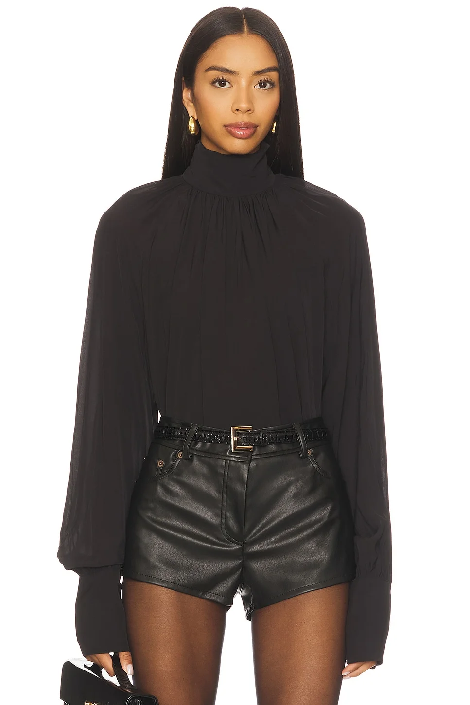 - 100% viscose - Made in China - Machine wash cold - Pull-on styling - Lightweight georgette fabric - Mockneck styling - Garment is intentionally sheer, undergarments will show through - Please note undergarment not included - Revolve Style No. ANIN-WS436 - Manufacturer Style No. A-07-11598-BLK26
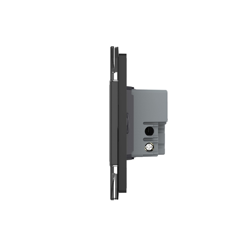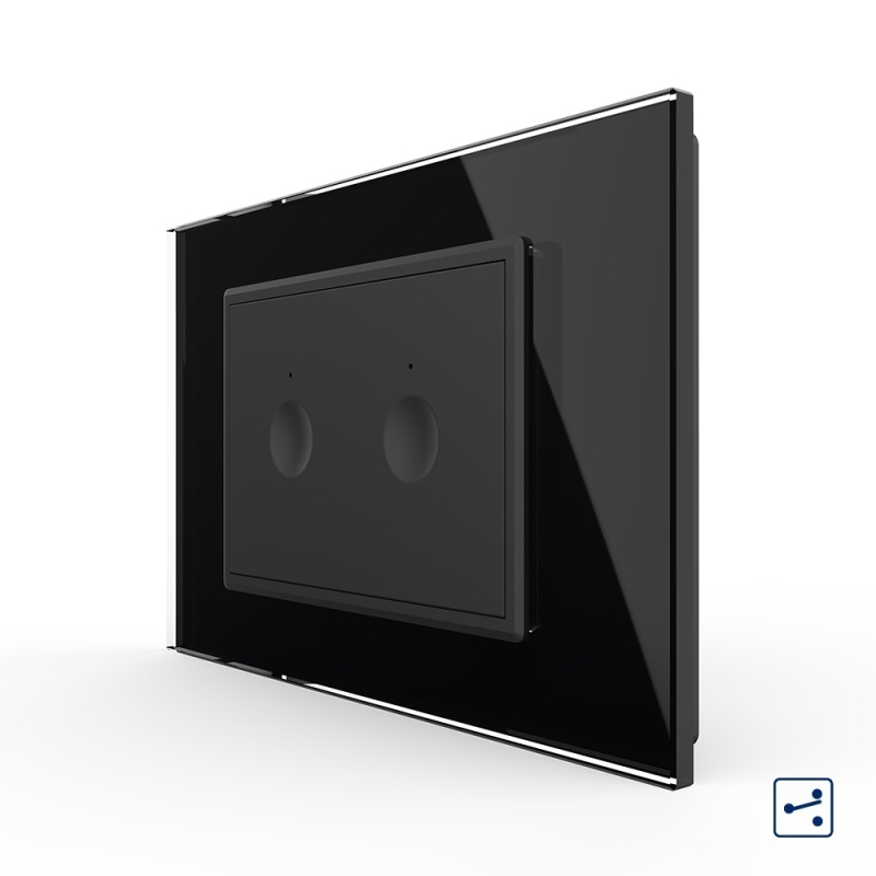 Intrerupator dublu cap scara / cap cruce cu touch Livolo cu rama din sticla, standard Italian Serie noua, Negru, VL-FC2S-3BP-12
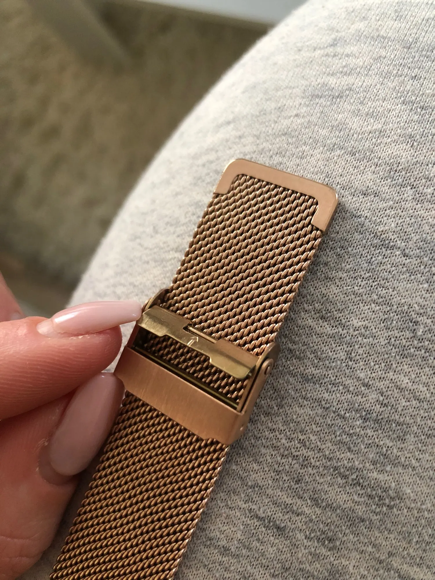 Застежка крепкая, выглядит добротно, не очень красивое соединение с часами, а также периодически вырывает волосы на руке.
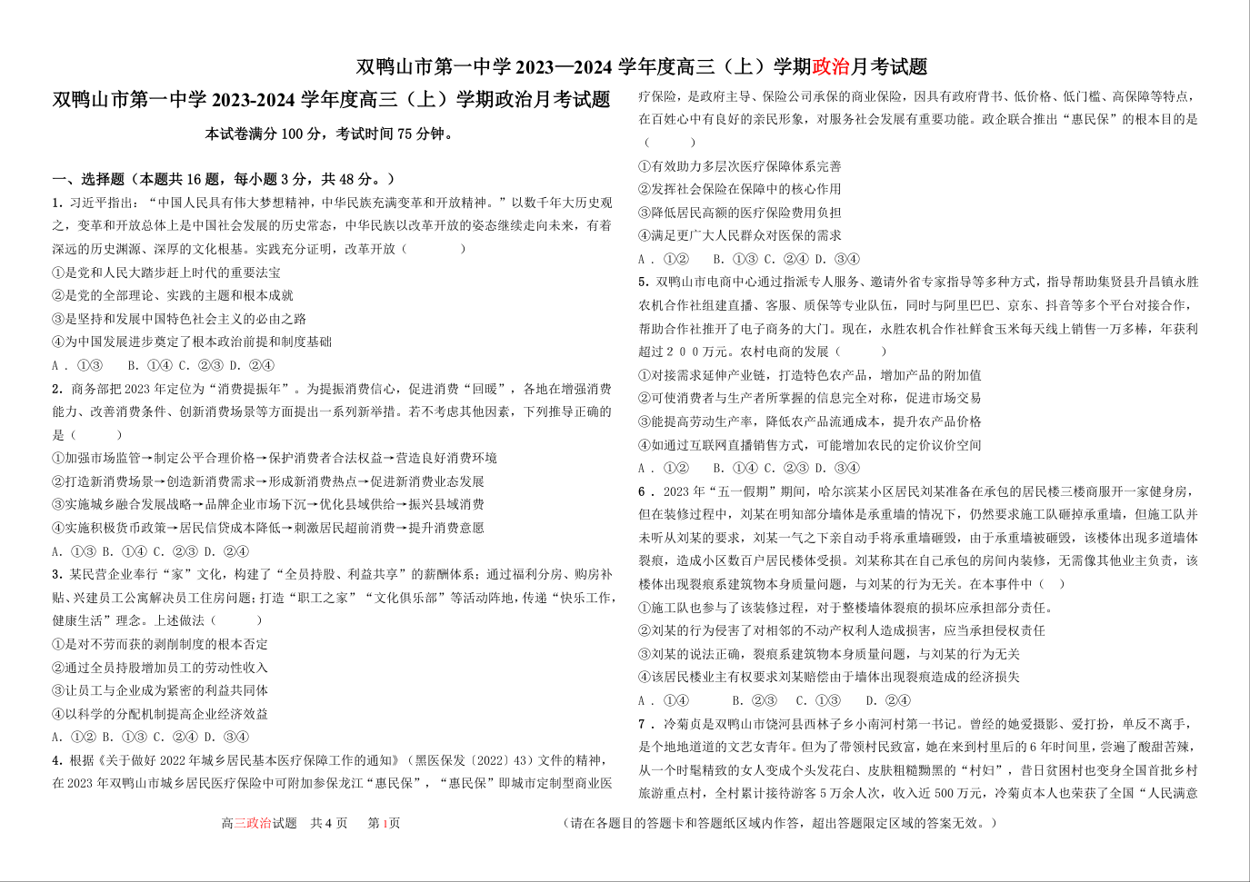 黑龙江省双鸭山市第一中学2024届高三上学期10月政治
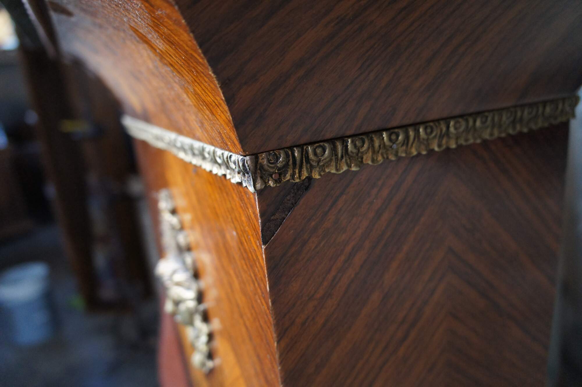 Good vintage condition, wear and distressing commensurate with age and use, marking / missing veneer, past repair to corner of one marble.
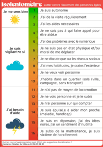 L’Isolentomètre est un outil de prévention et de sensibilisation conçu pour repérer l’isolement social des seniors. Grâce à une présentation sous forme de baromètre de couleurs, il permet d’évaluer le niveau d’isolement d’un senior, de faciliter l’échange et d’encourager la prise de conscience.
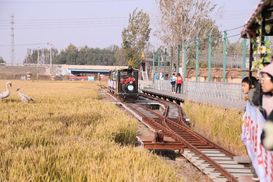 午餐后,老师们来到和美园登高观赏3D稻田画,一片片金黄色的稻田在秋风的吹拂下翻涌着金色的波浪,精心设计的稻田画让人眼前一亮——自然为笔,农耕作墨,老师们纷纷拍照记录下“我言秋日胜春朝”的壮丽丰收画卷,感受到了大自然的鬼斧神工与人类的智慧结晶。此外,老师们还体验了稻田小火车、无动力乐园、农场动物互动等项目,不仅释放了工作压力,也激发了老师们对生命和自然的热爱之情。
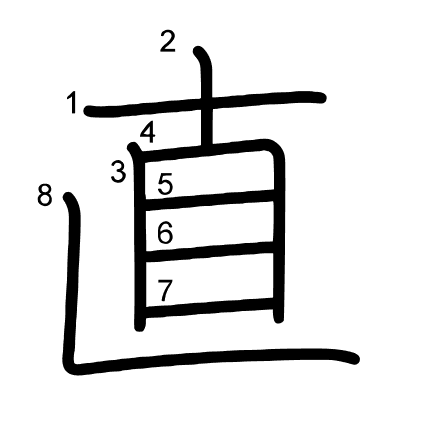 Hlavní radikál: 目 (109) Tahy: 8 obrázek | animace | tabulka
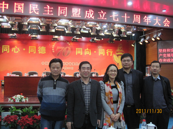 2011年11月30日上午,湖南民盟紀念中國民主同盟成立70周年大會,在長沙市各民主黨派省委機關(guān)會議中心召開。民盟中央副主席溫思美,中共湖南省委常委、統(tǒng)戰(zhàn)部部長李微微,省政協(xié)副主席、盟省委主席楊維剛,省人大原副主任、民盟湖南省委原主委謝佑卿,民建湖南省委主委賴明勇,盟省委副主委湯濁、李利君、陳洪出席了會議或講話。
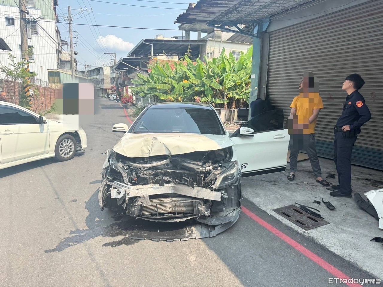 ▲▼賓士男開車來回猛撞前女友坐的轎車。(圖/記者賴文萱翻攝)
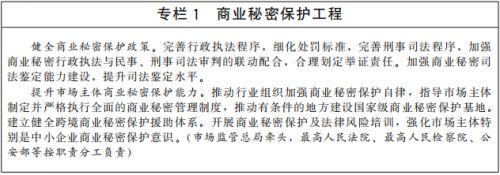 健全知识产权法律法规。开展知识产权基础性法律研究。统筹推进专利法、商标法、著作权法、反垄断法、科学技术进步法、电子商务法等相关法律法规的修改完善。加强地理标志、商业秘密等领域立法,出台商业秘密保护规定。完善集成电路布图设计法规。推进修订植物新品种保护条例。制定中医药传统知识保护条例。完善与国防建设相衔接的知识产权法律制度。全面建立并实施知识产权侵权惩罚性赔偿制度,加大损害赔偿力度。研究建立健全符合知识产权审判规律的特别程序法律制度。适应科技进步和经济社会发展需要,依法及时推动知识产权法律法规立改废释。(中央宣传部、最高人民法院、最高人民检察院、科技部、工业和信息化部、司法部、农业农村部、商务部、国家卫生健康委、市场监管总局、国家国防科工局、国家林草局、国家中医药局、国家知识产权局、中央军委装备发展部等按职责分工负责)

= = =

▶ **Task goal**: A word-for-word copy of the entries above is what is needed, without any images.

▶ **Reply to the task**:
 - 100% viscose - Made in China - Machine wash cold - Pull-on styling - Lightweight georgette fabric - Mockneck styling - Garment is intentionally sheer, undergarments will show through - Please note undergarment not included - Revolve Style No. ANIN-WS436 - Manufacturer Style No. A-07-11598-BLK26
 Intrerupator dublu cap scara / cap cruce cu touch Livolo cu rama din sticla, standard Italian Serie noua, Negru, VL-FC2S-3BP-12
 Застежка крепкая, выглядит добротно, не очень красивое соединение с часами, а также периодически вырывает волосы на руке.
 黑龙江省双鸭山市第一中学2024届高三上学期10月政治
 Good vintage condition, wear and distressing commensurate with age and use, marking / missing veneer, past repair to corner of one marble.
 L’Isolentomètre est un outil de prévention et de sensibilisation conçu pour repérer l’isolement social des seniors. Grâce à une présentation sous forme de baromètre de couleurs, il permet d’évaluer le niveau d’isolement d’un senior, de faciliter l’échange et d’encourager la prise de conscience.
 午餐后,老师们来到和美园登高观赏3D稻田画,一片片金黄色的稻田在秋风的吹拂下翻涌着金色的波浪,精心设计的稻田画让人眼前一亮——自然为笔,农耕作墨,老师们纷纷拍照记录下“我言秋日胜春朝”的壮丽丰收画卷,感受到了大自然的鬼斧神工与人类的智慧结晶。此外,老师们还体验了稻田小火车、无动力乐园、农场动物互动等项目,不仅释放了工作压力,也激发了老师们对生命和自然的热爱之情。
 Hlavní radikál: 目 (109) Tahy: 8 obrázek | animace | tabulka
 2011年11月30日上午,湖南民盟紀念中國民主同盟成立70周年大會,在長沙市各民主黨派省委機關(guān)會議中心召開。民盟中央副主席溫思美,中共湖南省委常委、統(tǒng)戰(zhàn)部部長李微微,省政協(xié)副主席、盟省委主席楊維剛,省人大原副主任、民盟湖南省委原主委謝佑卿,民建湖南省委主委賴明勇,盟省委副主委湯濁、李利君、陳洪出席了會議或講話。
 ▲▼賓士男開車來回猛撞前女友坐的轎車。(圖/記者賴文萱翻攝)
 健全知识产权法律法规。开展知识产权基础性法律研究。统筹推进专利法、商标法、著作权法、反垄断法、科学技术进步法、电子商务法等相关法律法规的修改完善。加强地理标志、商业秘密等领域立法,出台商业秘密保护规定。完善集成电路布图设计法规。推进修订植物新品种保护条例。制定中医药传统知识保护条例。完善与国防建设相衔接的知识产权法律制度。全面建立并实施知识产权侵权惩罚性赔偿制度,加大损害赔偿力度。研究建立健全符合知识产权审判规律的特别程序法律制度。适应科技进步和经济社会发展需要,依法及时推动知识产权法律法规立改废释。(中央宣传部、最高人民法院、最高人民检察院、科技部、工业和信息化部、司法部、农业农村部、商务部、国家卫生健康委、市场监管总局、国家国防科工局、国家林草局、国家中医药局、国家知识产权局、中央军委装备发展部等按职责分工负责)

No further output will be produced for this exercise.